Data segment.
▶

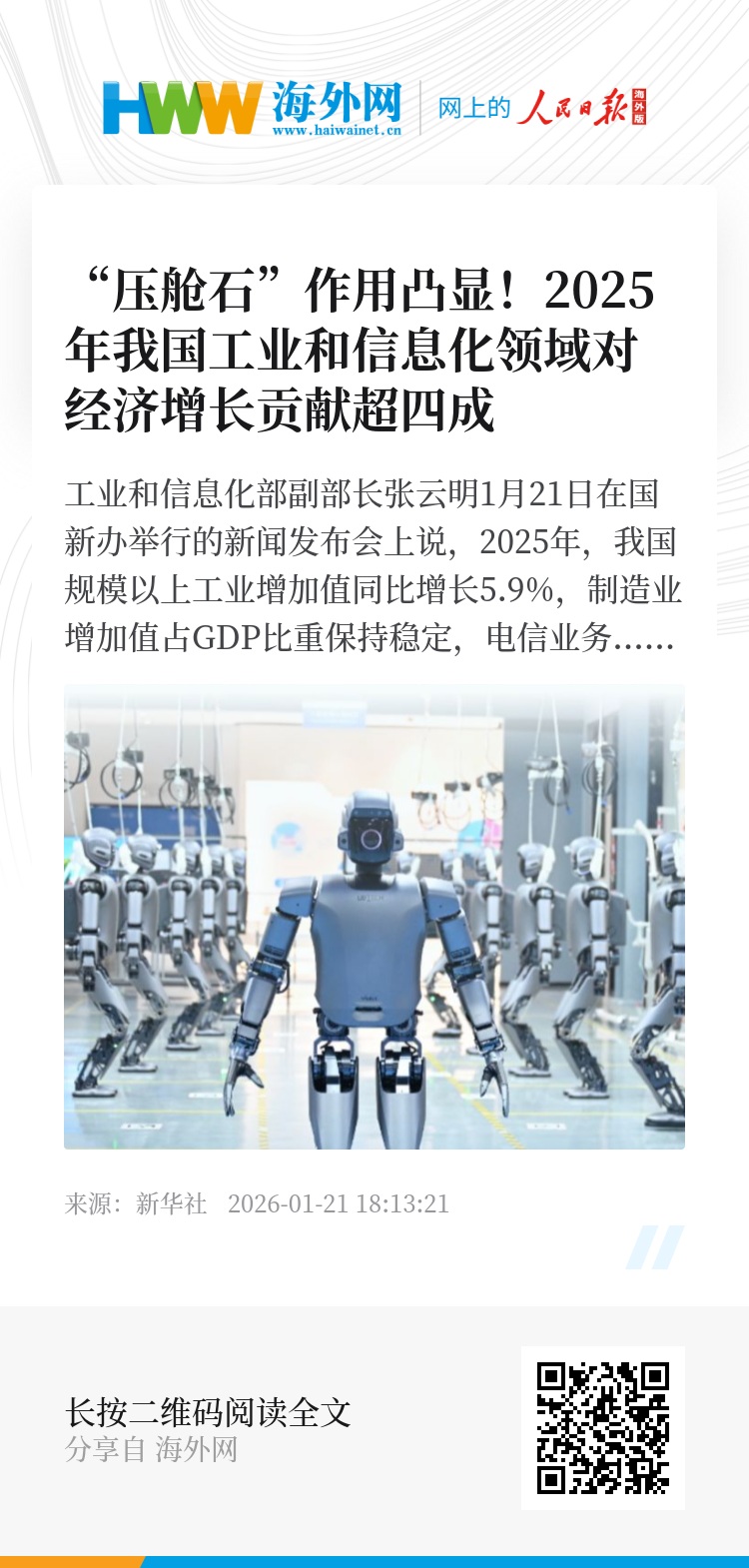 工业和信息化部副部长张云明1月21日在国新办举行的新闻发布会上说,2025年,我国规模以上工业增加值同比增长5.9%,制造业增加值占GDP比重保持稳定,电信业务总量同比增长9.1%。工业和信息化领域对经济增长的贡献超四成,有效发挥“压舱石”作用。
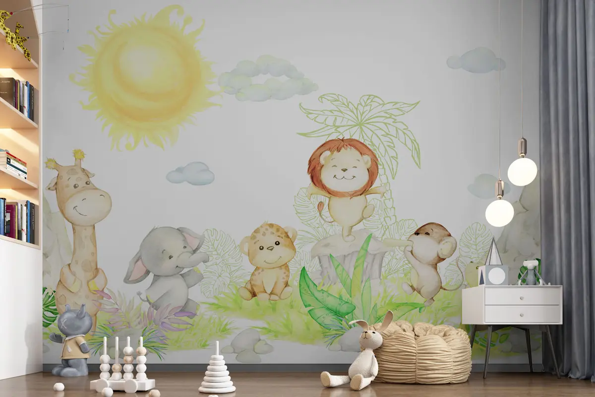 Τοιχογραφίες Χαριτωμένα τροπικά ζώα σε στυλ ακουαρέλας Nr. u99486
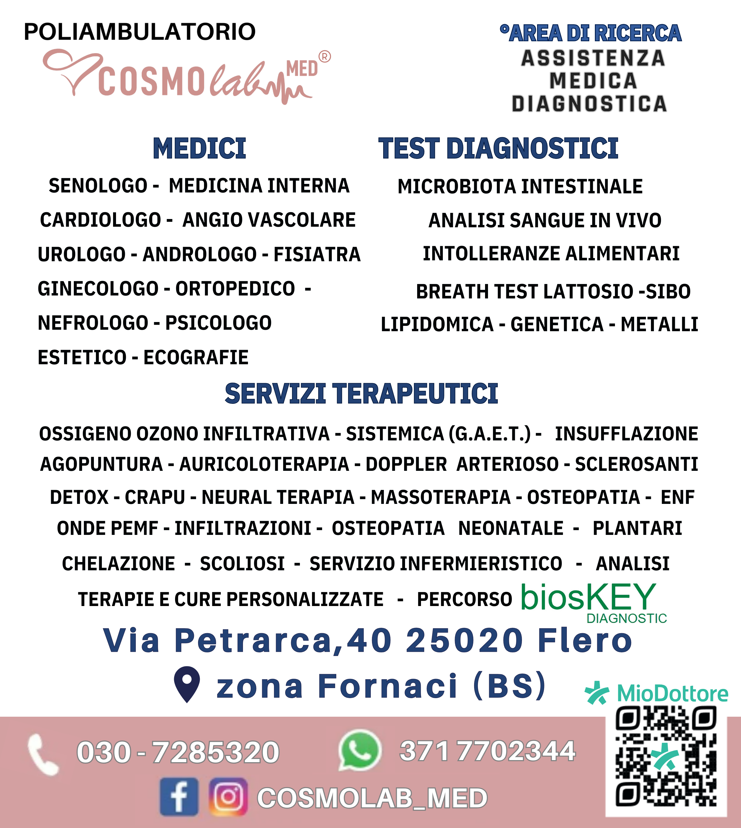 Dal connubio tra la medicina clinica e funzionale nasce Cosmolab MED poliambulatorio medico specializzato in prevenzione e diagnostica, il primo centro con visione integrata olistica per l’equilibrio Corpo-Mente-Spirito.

◀

Output all of the listing above, exactly as given, but without its pictures.

Response area.
 工业和信息化部副部长张云明1月21日在国新办举行的新闻发布会上说,2025年,我国规模以上工业增加值同比增长5.9%,制造业增加值占GDP比重保持稳定,电信业务总量同比增长9.1%。工业和信息化领域对经济增长的贡献超四成,有效发挥“压舱石”作用。
 Τοιχογραφίες Χαριτωμένα τροπικά ζώα σε στυλ ακουαρέλας Nr. u99486
 Dal connubio tra la medicina clinica e funzionale nasce Cosmolab MED poliambulatorio medico specializzato in prevenzione e diagnostica, il primo centro con visione integrata olistica per l’equilibrio Corpo-Mente-Spirito.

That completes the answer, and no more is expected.